» **Assignment**: From the line that contains "O4965217WPR520 Porcelain White" to the final line below, both included, print each line exactly and skip the pictures.

» **Source data**:
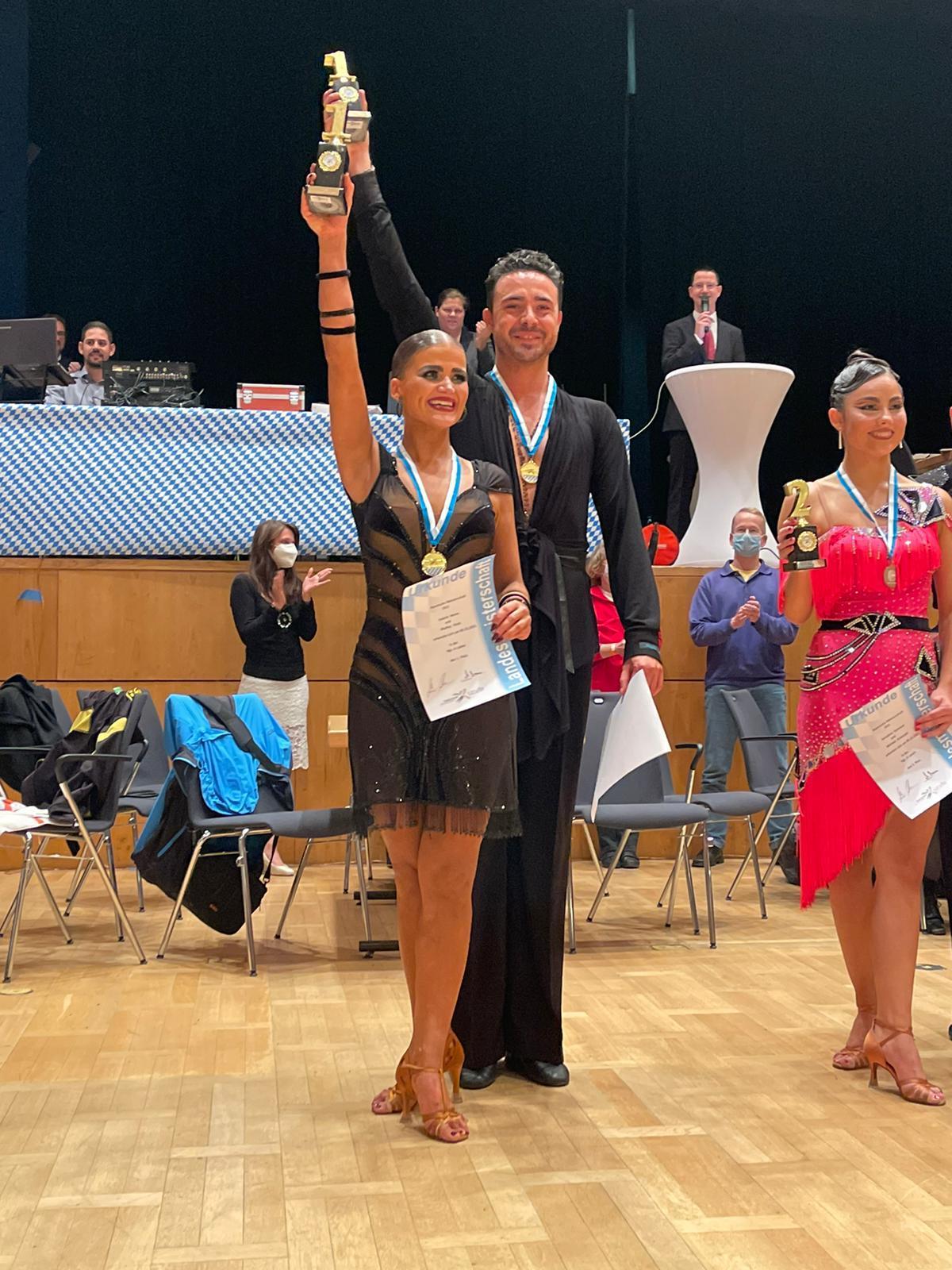 Am 09.10.2021 fand nach einem Jahr Pause wieder die bayerische Landesmeisterschaft für die Hauptgruppe Latein in den Klassen D-A statt. Austragungsort war das Kurhaus in Bad Aibling, welches eine besonders schöne und stillvolle Kulisse darstellte. Die TSG Bavaria war in allen vier Klassen mit insgesamt sieben Paaren vertreten. In der D-Klasse haben sich Andreas Berger und Hanna Scheibenbogen von 24 Paaren den dritten Platz ertanzt und sind somit in die C-Klasse aufgestiegen. Hier haben es Christian Bonawitz und Laura Tollmann bis ins Semifinale geschafft. Auch in der B-Klasse, welche mit 27 Paaren zahlenmäßig am stärksten vertreten war, konnten Bernhard Ging und Julia Wendling 16 Paare schlagen und somit ins Semifinale einziehen. Die Stimmung, die durch die zahlreichen Zuschauer zu Beginn des Tages schon gut war, steigerte sich kontinuierlich und erreichte bei der A-Klasse ihren Höhepunkt. Diese euphorische Unterstützung für die 17 A-Klassen-Paare war so stark, dass auf der Fläche teilweise die Musik nicht mehr richtig zu hören war.
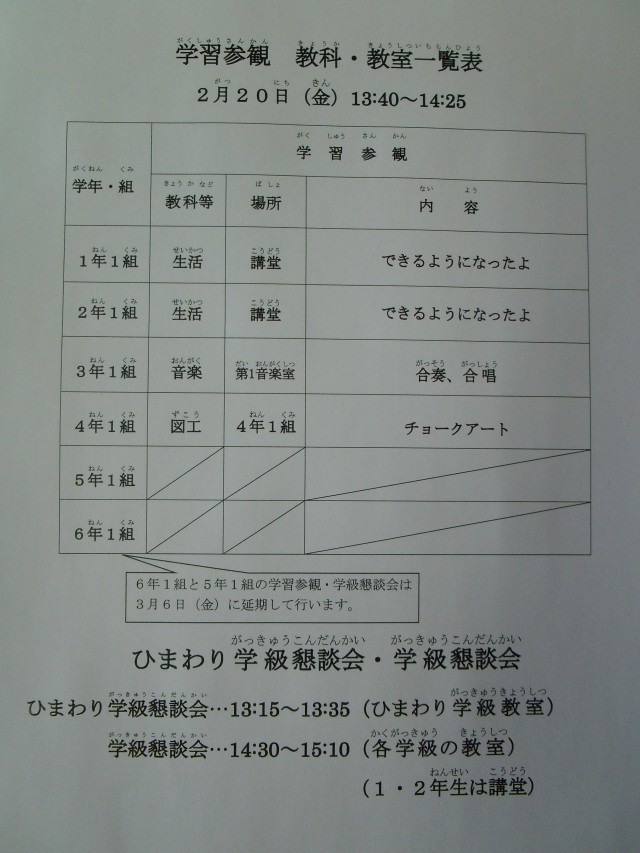本年度最終の学習参観・懇談会です。子どもたちのがんばりを、ぜひご参観ください。なお、5・6年生は3月6日(金)に変更しています。
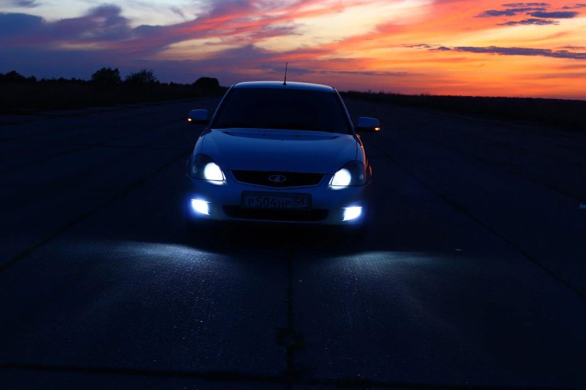Приора ночью на габаритов
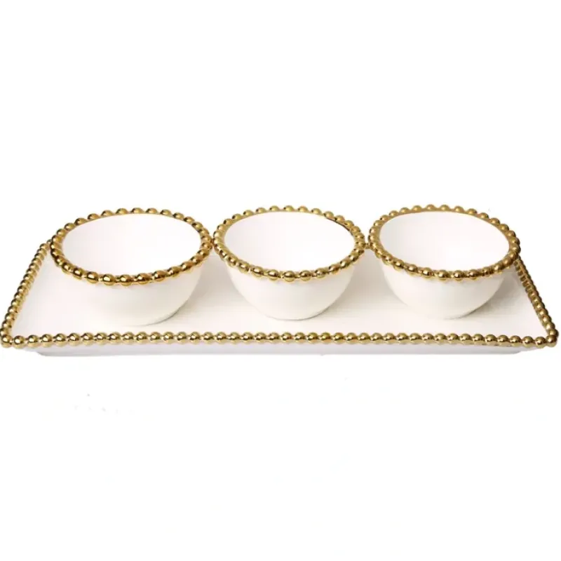 O4965217WPR520 Porcelain White relish dish with 3 round bowls with Gold Beaded Design-m 14.5″L x 6″W x 3″H
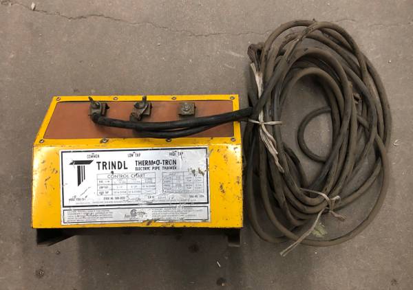 Therm-O-Tron Electric Pipe Thawer • Mfgr: Trindl • Model: P300-Tx • Low tap • high tap • Common • Dimensions: 16”W x 11”D x 12”H • Weight: Approx. 70# - - - Includes 2 heavy duty cables with clamps...

» **Problem solution**:
 O4965217WPR520 Porcelain White relish dish with 3 round bowls with Gold Beaded Design-m 14.5″L x 6″W x 3″H
 Therm-O-Tron Electric Pipe Thawer • Mfgr: Trindl • Model: P300-Tx • Low tap • high tap • Common • Dimensions: 16”W x 11”D x 12”H • Weight: Approx. 70# - - - Includes 2 heavy duty cables with clamps...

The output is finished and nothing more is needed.